TO DO:
With the images excluded, set down every line of the listing below exactly.

SOURCE MATERIAL:
[Start of section]

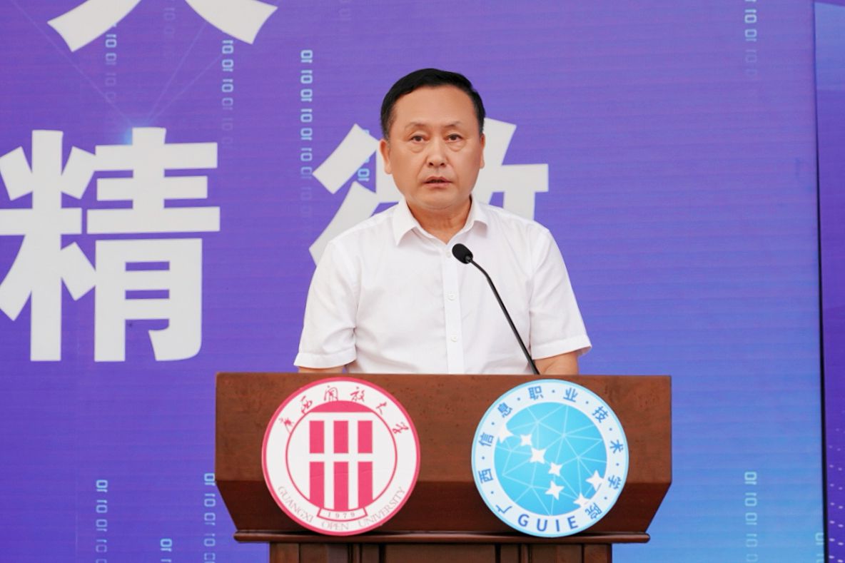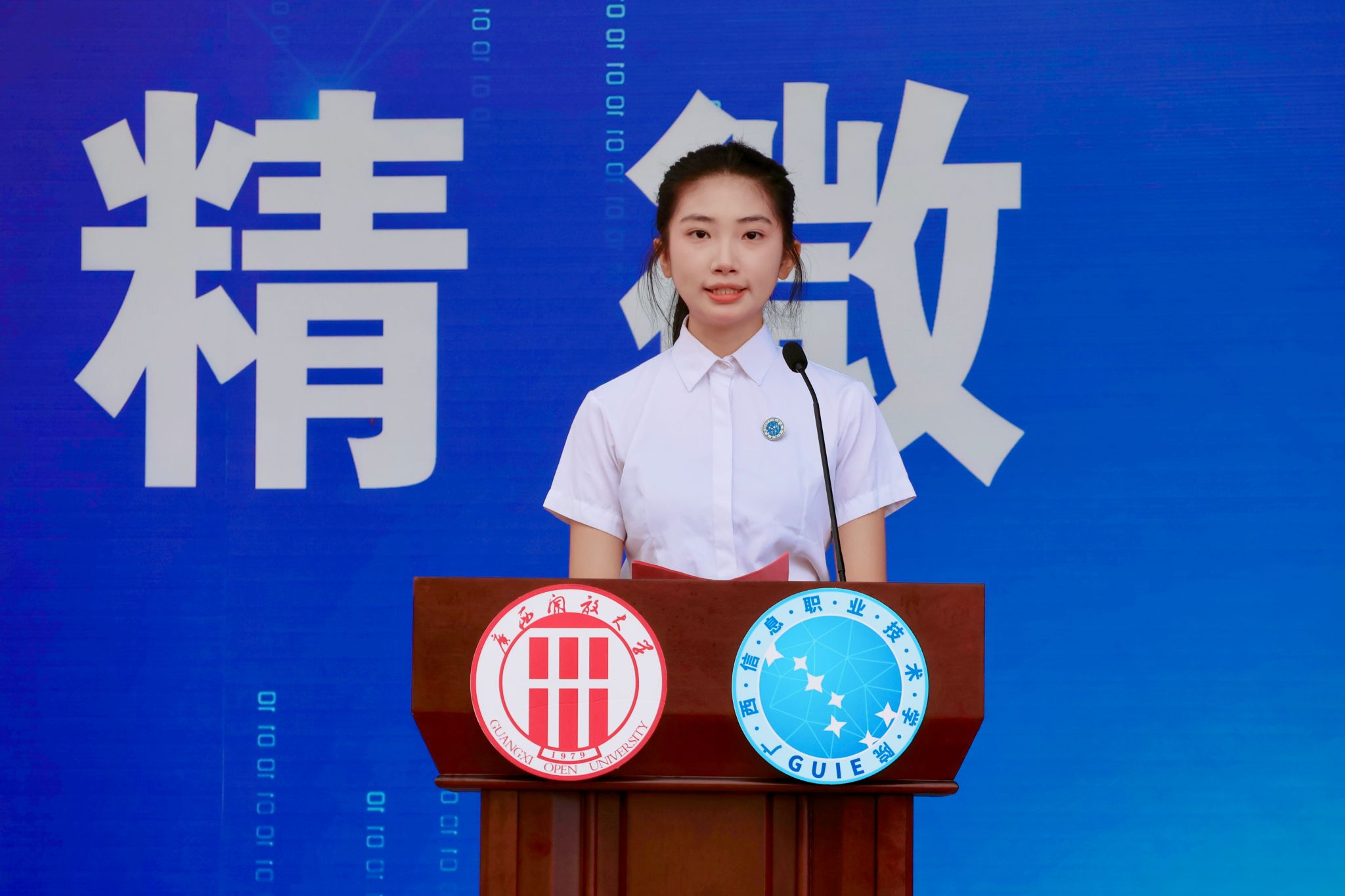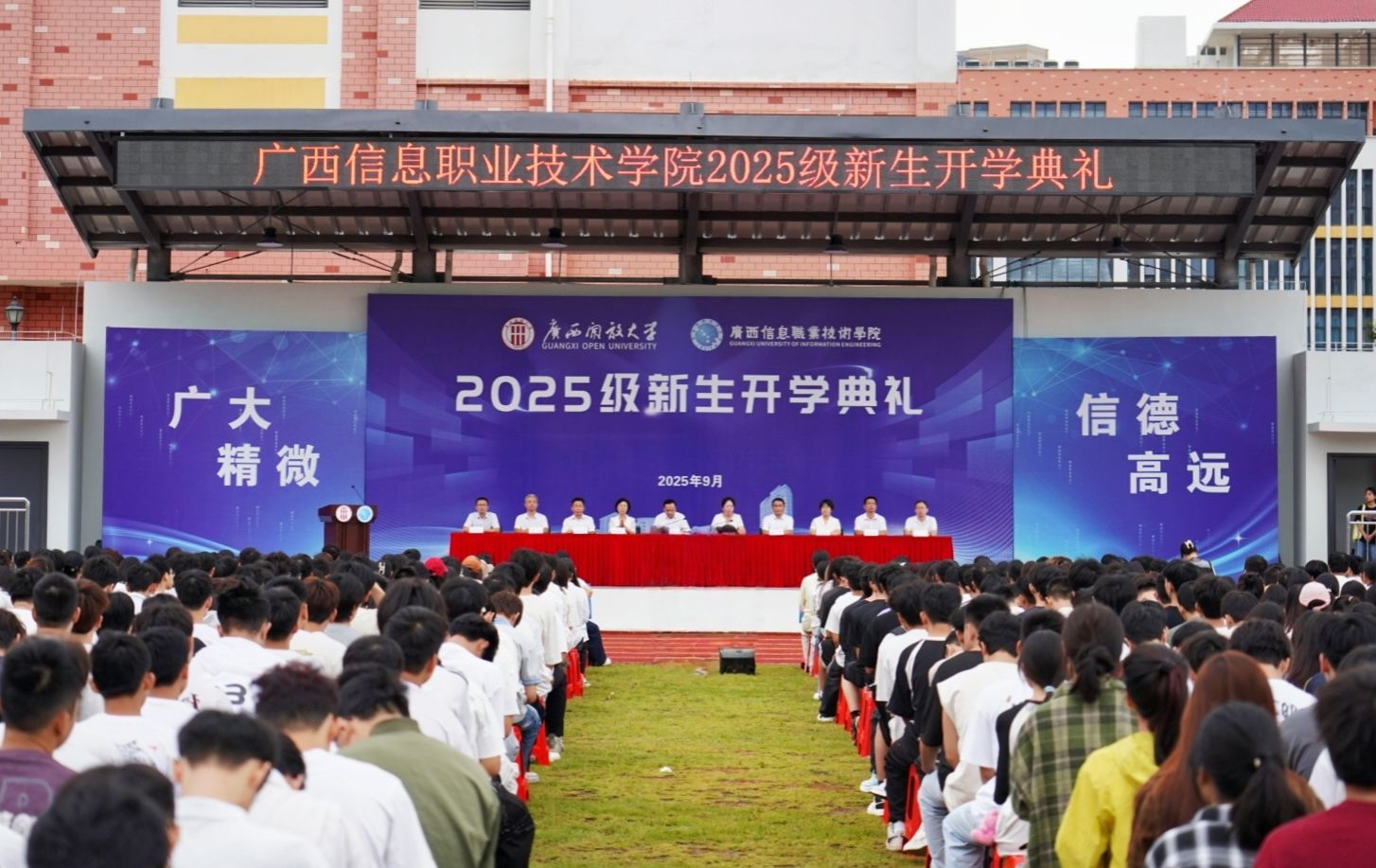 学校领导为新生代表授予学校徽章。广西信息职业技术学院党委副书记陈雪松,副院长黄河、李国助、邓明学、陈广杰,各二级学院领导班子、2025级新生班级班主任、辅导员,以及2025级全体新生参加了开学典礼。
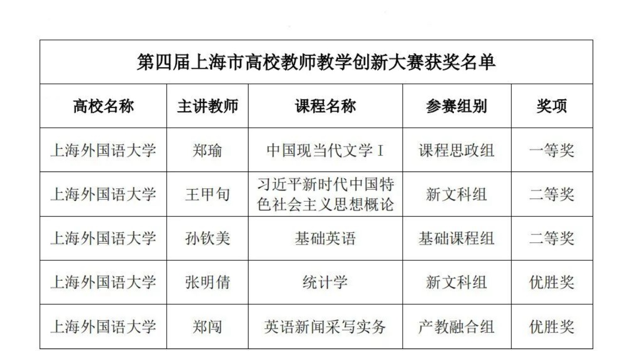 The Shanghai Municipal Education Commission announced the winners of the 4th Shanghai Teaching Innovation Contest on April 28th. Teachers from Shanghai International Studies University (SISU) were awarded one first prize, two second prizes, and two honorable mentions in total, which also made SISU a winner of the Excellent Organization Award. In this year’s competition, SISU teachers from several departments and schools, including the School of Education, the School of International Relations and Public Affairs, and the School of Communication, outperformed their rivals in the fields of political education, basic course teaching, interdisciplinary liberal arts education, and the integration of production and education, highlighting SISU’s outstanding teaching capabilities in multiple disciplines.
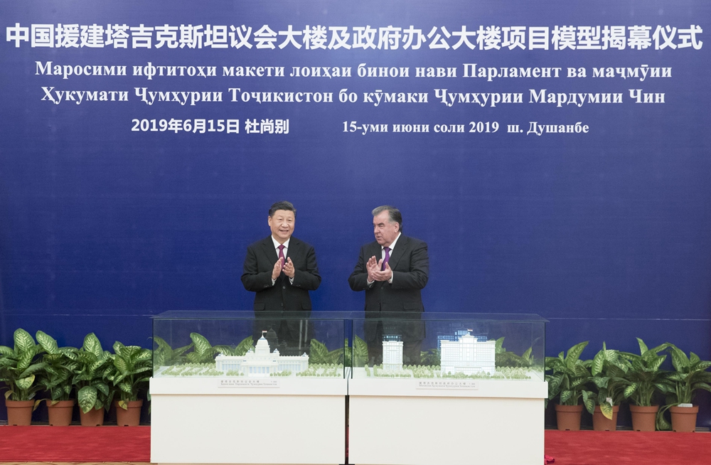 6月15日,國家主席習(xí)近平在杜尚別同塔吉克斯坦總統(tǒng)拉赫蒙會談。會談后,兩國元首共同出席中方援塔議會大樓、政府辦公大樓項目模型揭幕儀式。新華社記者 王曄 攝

[End of section]

RESPONSE TO THE TASK:
 学校领导为新生代表授予学校徽章。广西信息职业技术学院党委副书记陈雪松,副院长黄河、李国助、邓明学、陈广杰,各二级学院领导班子、2025级新生班级班主任、辅导员,以及2025级全体新生参加了开学典礼。
 The Shanghai Municipal Education Commission announced the winners of the 4th Shanghai Teaching Innovation Contest on April 28th. Teachers from Shanghai International Studies University (SISU) were awarded one first prize, two second prizes, and two honorable mentions in total, which also made SISU a winner of the Excellent Organization Award. In this year’s competition, SISU teachers from several departments and schools, including the School of Education, the School of International Relations and Public Affairs, and the School of Communication, outperformed their rivals in the fields of political education, basic course teaching, interdisciplinary liberal arts education, and the integration of production and education, highlighting SISU’s outstanding teaching capabilities in multiple disciplines.
 6月15日,國家主席習(xí)近平在杜尚別同塔吉克斯坦總統(tǒng)拉赫蒙會談。會談后,兩國元首共同出席中方援塔議會大樓、政府辦公大樓項目模型揭幕儀式。新華社記者 王曄 攝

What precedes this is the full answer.